### WHAT TO PRODUCE
Return the whole listing unchanged. Drop the images.

(DATA PROVIDED)

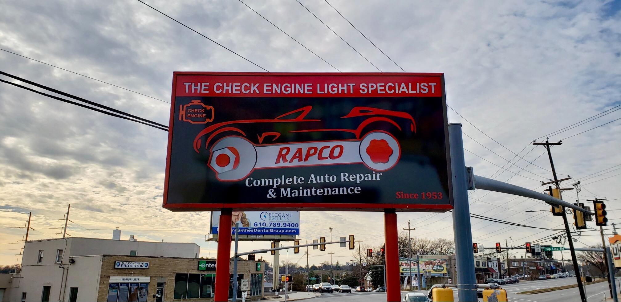 Rapco Automotive Centers has been providing complete auto repair services in Upper Darby, Havertown, and Drexel Hill since 1976. They specialize in handling Check Engine Lights and offer a range of services including brake and muffler repairs, oil changes, tune-ups, wheel alignments, and diagnostic services. Customers appreciate the friendly and knowledgeable staff, particularly Steve and Miguel, who are praised for their excellent customer service and willingness to explain services in detail. Many loyal customers have been visiting Rapco for years, often referring family and friends, highlighting their trust in the quality of work provided. The business offers a free local shuttle service and backs all repairs with a 2-year or 24,000-mile warranty. Positive reviews mention quick turnaround times and proactive assistance, such as fixing tires and resetting sensors, which adds to the customer satisfaction. Clients feel valued and treated like family, often sharing their experiences through social media. Overall, Rapco Automotive Centers is highly recommended for reliable auto repair and maintenance, consistently delivering exceptional service and fostering a welcoming environment for all customers.
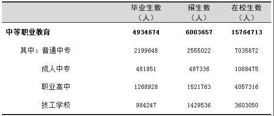 普通高中校舍建筑面积56788.56万平方米,比上年增加2582.51万平方米。普通高中设施设备配备达标的学校比例情况分别为:体育运动场(馆)面积达标学校91.62%,体育器械配备达标学校94.20%,音乐器材配备达标学校93.20%,美术器材配备达标学校93.31%,理科实验仪器达标学校93.84%。 2.成人高中 成人高中333所,比上年减少21所;在校生4.12万人,毕业生3.42万人。成人高中教职工2509人,专任教师1933人。 3.中等职业教育[16] 中等职业学校1.01万所,比上年减少151所。其中,普通中等专业学校3339所,比上年增加17所;成人中等专业学校1032所,比上年减少65所;职业高中3315所,比上年减少116所;技工学校2392所,比上年增加13所。 中等职业教育招生600.37万人,比上年增加43.32万人,占高中阶段教育招生总数的41.70%。其中,普通中专招生255.50万人,比上年增加13.57万人;成人中专招生49.73万人,比上年增加3.48万人;职业高中招生152.18万人,比上年增加11.86万人;技工学校招生142.95万人,比上年增加14.41万人。 中等职业教育在校生1576.47万人,比上年增加21.21万人,占高中阶段教育在校生总数的39.46%。其中,普通中专在校生703.59万人,比上年增加4.17万人;成人中专在校生106.85万人,比上年减少6.28万人;职业高中在校生405.73万人,比上年增加4.65万人;技工学校在校生360.31万人,比上年增加18.67万人。 中等职业教育毕业生493.47万人,比上年增加6.19万人。其中,普通中专毕业生219.96万人,比上年增加1.38万人;成人中专毕业生48.19万人,比上年减少2.91万人;职业高中毕业生126.89万人,比上年减少0.40万人;技工学校毕业生98.42万人,比上年增加8.13万人。
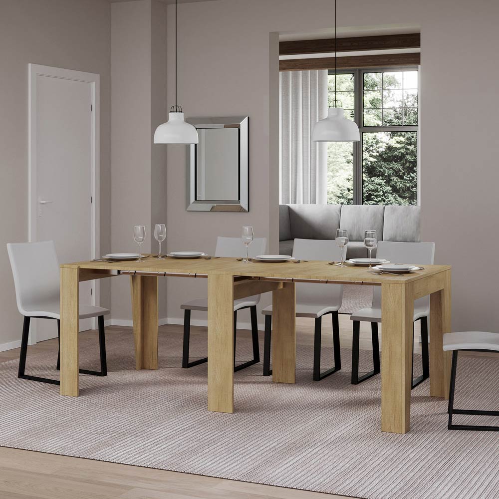 This extendable console tableĀ ĆØ the epitome of functional and minimalist design. Its sleek shape and clean queues make it a versatile piece of furniture, ideal for any space from the entryway to the lounge, offering an image of space and order.Ā The console table expands with ease, transforming from a discreet piece of furniture to a practical dining table, perfect for hosting chinas and family on special occasions. This versatility makes it an ideal choice for those who live in small spaces but do not want to sacrifice functionality and style.
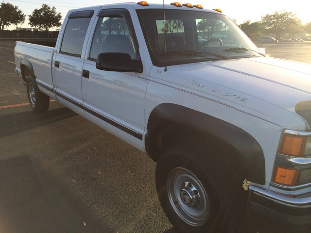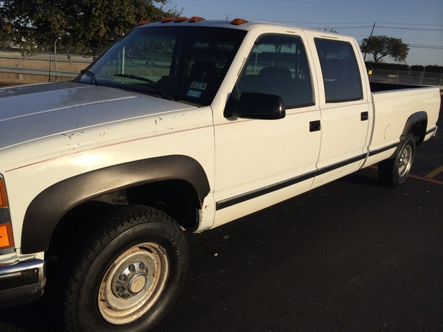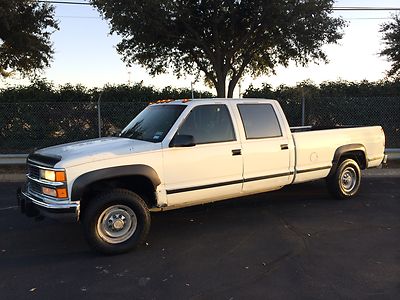 You are looking @ 1 Texas Owner Truck with 99K actual miles!!! It's a 1994 Chevy Silverado 3500 Crew Cab 168.5" W single rear wheel long bed. It's equipped with the 6.5L Diesel engine, 4x4 , 5 speed manual transmission, Towing Bar, Pwr windows and locks. We drove the truck around town for few days to test it out and the engine runs good and all gears shift well but seems like the clutch need to be replaced soon...does not slip or anything but in my opinion the clutch could be more firm. The A/C blows cold and the radio works loud and clear.
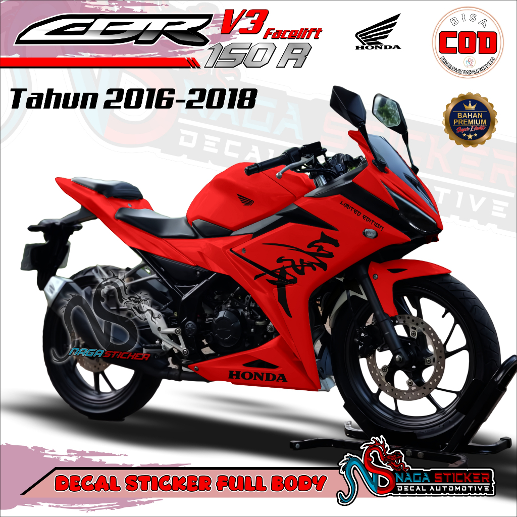 Decal Sticker Motor Full Body Honda Cbr 150R Thn 2016 - 2020 Motif Kanji Crv301 Desain Bisa Custom
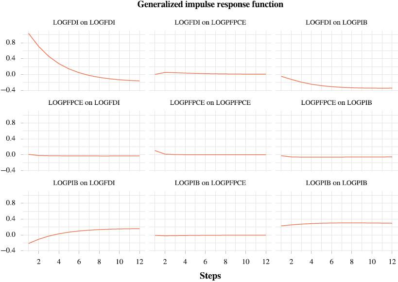 Las funciones de impulso respuesta (FIR) en el modelo PVAR pueden calcular el impacto que un shock tiene en cada una de las variables endógenas sobre las demás variables. Por último, después de estimar las funciones de impulso-respuesta, se puede llevar a cabo la descomposición de la varianza del error de predicción con el propósito de determinar en qué porcentaje las variables endógenas explican la volatilidad de las demás variables endógenas. (Cajas et al., 2022).

(End DATA PROVIDED)

### SOLUTION TO THE EXERCISE
 Rapco Automotive Centers has been providing complete auto repair services in Upper Darby, Havertown, and Drexel Hill since 1976. They specialize in handling Check Engine Lights and offer a range of services including brake and muffler repairs, oil changes, tune-ups, wheel alignments, and diagnostic services. Customers appreciate the friendly and knowledgeable staff, particularly Steve and Miguel, who are praised for their excellent customer service and willingness to explain services in detail. Many loyal customers have been visiting Rapco for years, often referring family and friends, highlighting their trust in the quality of work provided. The business offers a free local shuttle service and backs all repairs with a 2-year or 24,000-mile warranty. Positive reviews mention quick turnaround times and proactive assistance, such as fixing tires and resetting sensors, which adds to the customer satisfaction. Clients feel valued and treated like family, often sharing their experiences through social media. Overall, Rapco Automotive Centers is highly recommended for reliable auto repair and maintenance, consistently delivering exceptional service and fostering a welcoming environment for all customers.
 普通高中校舍建筑面积56788.56万平方米,比上年增加2582.51万平方米。普通高中设施设备配备达标的学校比例情况分别为:体育运动场(馆)面积达标学校91.62%,体育器械配备达标学校94.20%,音乐器材配备达标学校93.20%,美术器材配备达标学校93.31%,理科实验仪器达标学校93.84%。 2.成人高中 成人高中333所,比上年减少21所;在校生4.12万人,毕业生3.42万人。成人高中教职工2509人,专任教师1933人。 3.中等职业教育[16] 中等职业学校1.01万所,比上年减少151所。其中,普通中等专业学校3339所,比上年增加17所;成人中等专业学校1032所,比上年减少65所;职业高中3315所,比上年减少116所;技工学校2392所,比上年增加13所。 中等职业教育招生600.37万人,比上年增加43.32万人,占高中阶段教育招生总数的41.70%。其中,普通中专招生255.50万人,比上年增加13.57万人;成人中专招生49.73万人,比上年增加3.48万人;职业高中招生152.18万人,比上年增加11.86万人;技工学校招生142.95万人,比上年增加14.41万人。 中等职业教育在校生1576.47万人,比上年增加21.21万人,占高中阶段教育在校生总数的39.46%。其中,普通中专在校生703.59万人,比上年增加4.17万人;成人中专在校生106.85万人,比上年减少6.28万人;职业高中在校生405.73万人,比上年增加4.65万人;技工学校在校生360.31万人,比上年增加18.67万人。 中等职业教育毕业生493.47万人,比上年增加6.19万人。其中,普通中专毕业生219.96万人,比上年增加1.38万人;成人中专毕业生48.19万人,比上年减少2.91万人;职业高中毕业生126.89万人,比上年减少0.40万人;技工学校毕业生98.42万人,比上年增加8.13万人。
 This extendable console tableĀ ĆØ the epitome of functional and minimalist design. Its sleek shape and clean queues make it a versatile piece of furniture, ideal for any space from the entryway to the lounge, offering an image of space and order.Ā The console table expands with ease, transforming from a discreet piece of furniture to a practical dining table, perfect for hosting chinas and family on special occasions. This versatility makes it an ideal choice for those who live in small spaces but do not want to sacrifice functionality and style.
 You are looking @ 1 Texas Owner Truck with 99K actual miles!!! It's a 1994 Chevy Silverado 3500 Crew Cab 168.5" W single rear wheel long bed. It's equipped with the 6.5L Diesel engine, 4x4 , 5 speed manual transmission, Towing Bar, Pwr windows and locks. We drove the truck around town for few days to test it out and the engine runs good and all gears shift well but seems like the clutch need to be replaced soon...does not slip or anything but in my opinion the clutch could be more firm. The A/C blows cold and the radio works loud and clear.
 Decal Sticker Motor Full Body Honda Cbr 150R Thn 2016 - 2020 Motif Kanji Crv301 Desain Bisa Custom
 Las funciones de impulso respuesta (FIR) en el modelo PVAR pueden calcular el impacto que un shock tiene en cada una de las variables endógenas sobre las demás variables. Por último, después de estimar las funciones de impulso-respuesta, se puede llevar a cabo la descomposición de la varianza del error de predicción con el propósito de determinar en qué porcentaje las variables endógenas explican la volatilidad de las demás variables endógenas. (Cajas et al., 2022).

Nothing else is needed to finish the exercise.